Le supérieur d’une communauté contemplative peut donc tout aussi bien se définir comme accompagnateur spirituel. S’il ne l’est pas nécessairement pour chacun des membres en particulier, il est toujours plus ou moins considéré comme le père spirituel de l’ensemble de sa communauté. Et c’est à juste titre. Son gouvernement crée le cadre dans lequel la grâce peut opérer librement et l’expérience de Dieu se réaliser dans les frères ou les sœurs.

Après avoir considéré brièvement ce que sont le gouvernement et l’accompagnement et comment, dans les communautés contemplatives, les deux interfèrent l’un dans l’autre, je voudrais dire un mot de l’expérience de Dieu dans la vie des frères et des sœurs des monastères contemplatifs avant d’aborder quelques points délicats, qui m’ont souvent été soumis, concernant le gouvernement de ces communautés.

Comment Dieu se laisse-t-il percevoir dans une communauté contemplative ?

Un mot sur l’expérience de Dieu dans la vie contemplative aidera, je pense, à mieux saisir la tâche que peut remplir un supérieur au service de cette expérience de Dieu.

Celui qui regarde la vie monastique de l’extérieur peut facilement être frappé – c’est aussi vrai aujourd’hui que dans le passé – de la distance consciemment créée entre le monde et le monastère. Cette séparation dit quelque chose d’essentiel sur la vocation contemplative ; elle est le signe concret du désert dans lequel le Seigneur l’a menée.

Mais que va-t-il se produire au désert ? Certains ont comparé le désert à un refuge où l’on peut s’abriter contre les dangers du monde ; d’autres à une sorte de couveuse ou de serre où, sous des conditions spécialement favorables, l’on peut cultiver fleurs et fruits en un temps record. Les comparaisons de ce genre sont toujours très imparfaites et même un peu superficielles. On ne s’engage pas dans le désert chrétien pour mener une vie tranquille, pour jouir d’une certaine paix qui, on le suppose du moins, va favoriser la prière et l’intimité avec Dieu. De telles comparaisons sont par trop naïves et romantiques, elles suggèrent bien peu le vrai désert, celui de Jésus, celui qui, nous le savons, n’est ni un refuge ni une serre, mais bien un creuset. Et le feu de ce creuset est à la fois le feu de nos désirs et de nos passions et le feu de l’Esprit Saint d’où sortira un métal pur et noble.
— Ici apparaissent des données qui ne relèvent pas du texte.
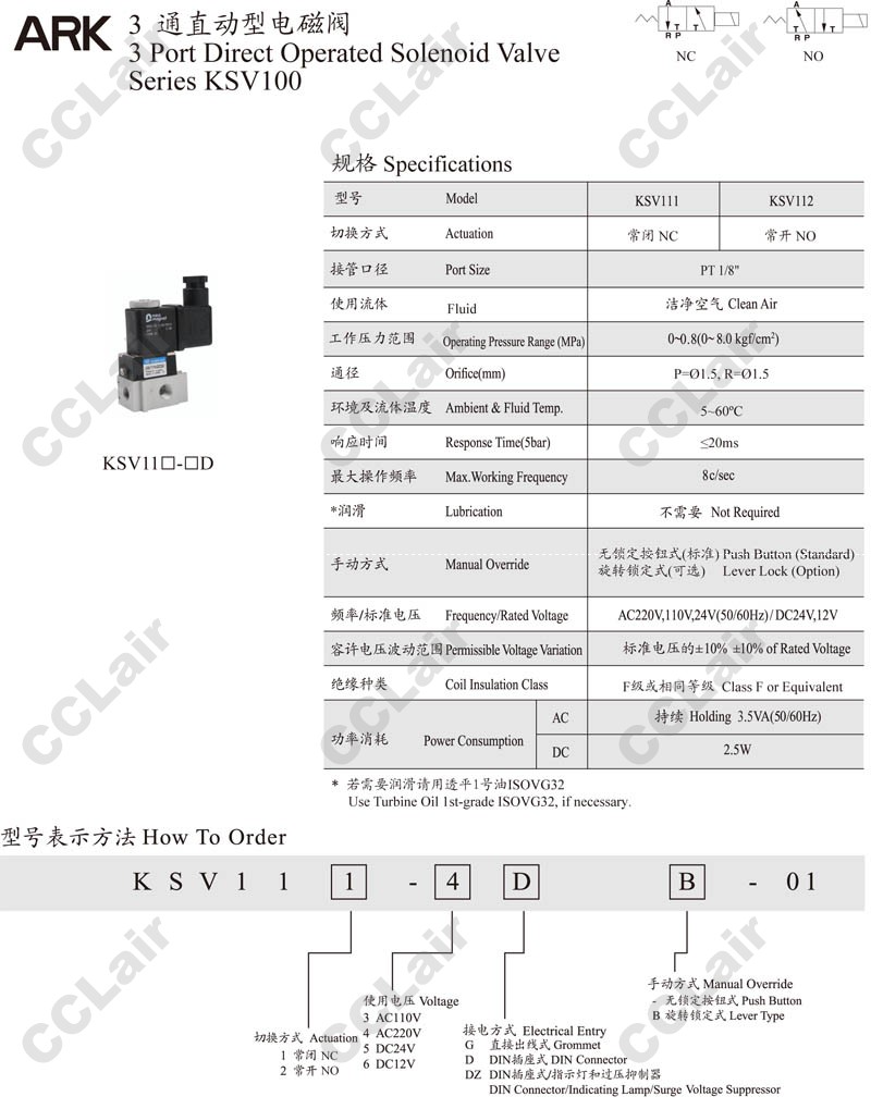 KSV111,KSV112,KSV111-3G-01,KSV111-3D-01,KSV111-3DZ-01,KSV111-4G-01,KSV111-4D-01,ARK3通直動型電磁閥 |
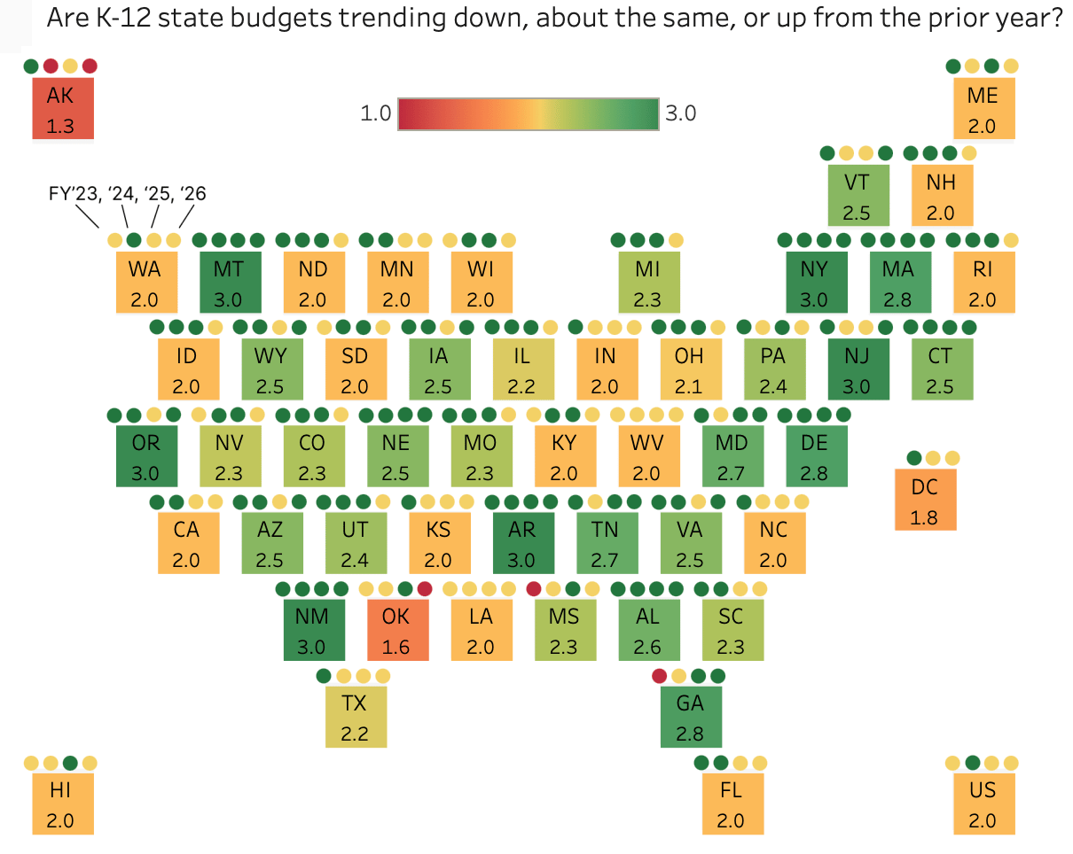 The map shows whether state education budgets are down (red), level (yellow), or green (up) over the prior year. Budget trends are scored 1 to 3. “1” is declining. “3” is improving.” “2” is level or marginal changes that may be washed out by rising costs. Scores are fractional because there are various parts of K-12 funding with scores.

Si l’on veut une image, je l’emprunterai à la Bible et je dirai que le désert est le sein maternel qui, au prix des douleurs normales et inévitables de l’enfantement, peut mettre au monde une créature nouvelle : l’homme nouveau créé en Jésus-Christ dans la justice et la sainteté.

D’après le titre du livre consacré aux instituts psychiatriques par un psychiatre américain, Bruno Bettelheim, on pourrait aussi appeler le désert A Place of Rebirth, un lieu où l’on peut renaître, ce qui est une bonne définition d’un institut psychiatrique, et aussi de toute communauté monastique et même de l’Église.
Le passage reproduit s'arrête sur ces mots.